1. A method for reducing power consumption in a pipelined central processing unit (CPU), the pipelined CPU comprising:

at least a first stage for performing instruction fetch and branch prediction operations, the branch prediction operation employing branch prediction circuitry; and
at least a second stage for processing instructions fetched by the first stage;
the method comprising:
the first stage fetching a first instruction;
obtaining branch prediction enabling information from the first instruction;
passing the first instruction on to the second stage;
enabling or disabling at least a portion of the branch prediction circuitry for a second instruction that is subsequent the first instruction, the branch prediction circuitry enabled or disabled according to the branch prediction enabling information; and
the first stage performing the instruction fetch and branch prediction operations upon the second instruction;
wherein the branch prediction operation is performed upon the second instruction by the branch prediction circuitry according to the branch prediction enabling information encoded within the first instruction.

2. The method of claim 1 wherein the second instruction is fetched immediately after the first instruction.

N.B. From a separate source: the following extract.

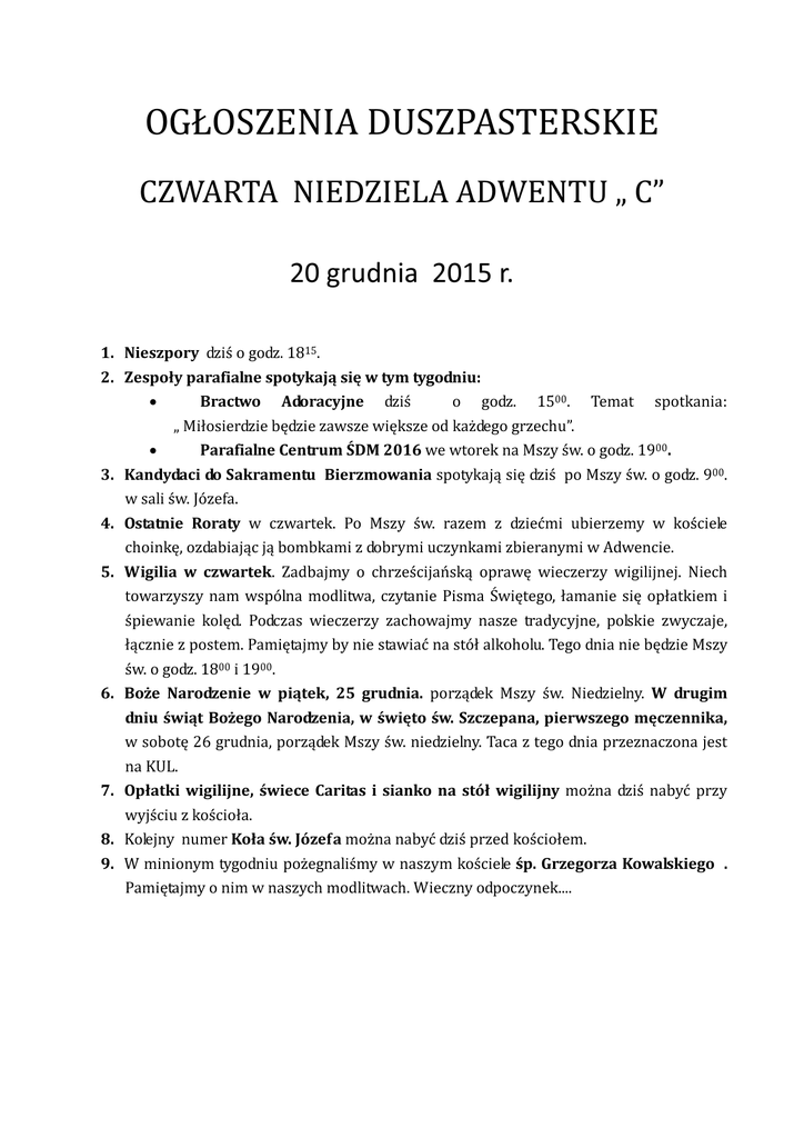 OGŁOSZENIA DUSZPASTERSKIE CZWARTA NIEDZIELA ADWENTU „ C” 20 grudnia 2015 r. 1. Nieszpory dziś o godz. 1815. 2. Zespoły parafialne spotykają się w tym tygodniu: • Bractwo Adoracyjne dziś o godz. • 1500. Temat spotkania: „ Miłosierdzie będzie zawsze większe od każdego grzechu”. Parafialne Centrum ŚDM 2016 we wtorek na Mszy św. o godz. 1900. 3. Kandydaci do Sakramentu Bierzmowania spotykają się dziś po Mszy św. o godz. 900. w sali św. Józefa. 4. Ostatnie Roraty w czwartek. Po Mszy św. razem z dziećmi ubierzemy w kościele choinkę, ozdabiając ją bombkami z dobrymi uczynkami zbieranymi w Adwencie. 5. Wigilia w czwartek. Zadbajmy o chrześcijańską oprawę wieczerzy wigilijnej. Niech towarzyszy nam wspólna modlitwa, czytanie Pisma Świętego, łamanie się opłatkiem i śpiewanie kolęd. Podczas wieczerzy zachowajmy nasze tradycyjne, polskie zwyczaje, łącznie z postem. Pamiętajmy by nie stawiać na stół alkoholu. Tego dnia nie będzie Mszy św. o godz. 1800 i 1900. 6. Boże Narodzenie w piątek, 25 grudnia. porządek Mszy św. Niedzielny. W drugim dniu świąt Bożego Narodzenia, w święto św. Szczepana, pierwszego męczennika, w sobotę 26 grudnia, porządek Mszy św. niedzielny. Taca z tego dnia przeznaczona jest na KUL. 7. Opłatki wigilijne, świece Caritas i sianko na stół wigilijny można dziś nabyć przy wyjściu z kościoła. 8. Kolejny numer Koła św. Józefa można nabyć dziś przed kościołem. 9. W minionym tygodniu pożegnaliśmy w naszym kościele śp. Grzegorza Kowalskiego . Pamiętajmy o nim w naszych modlitwach. Wieczny odpoczynek....

3. The method of claim 1 wherein the branch prediction circuitry comprises a branch target buffer (BTB), and enabling or disabling the branch prediction circuitry comprises enabling or disabling the branch target buffer, respectively.

4. The method of claim 1 further comprising:

providing a default branch prediction result for the second instruction if the branch prediction circuitry is disabled for the second instruction.

5. The method of claim 4 wherein the default branch prediction result indicates that no branch is taken for the second instruction.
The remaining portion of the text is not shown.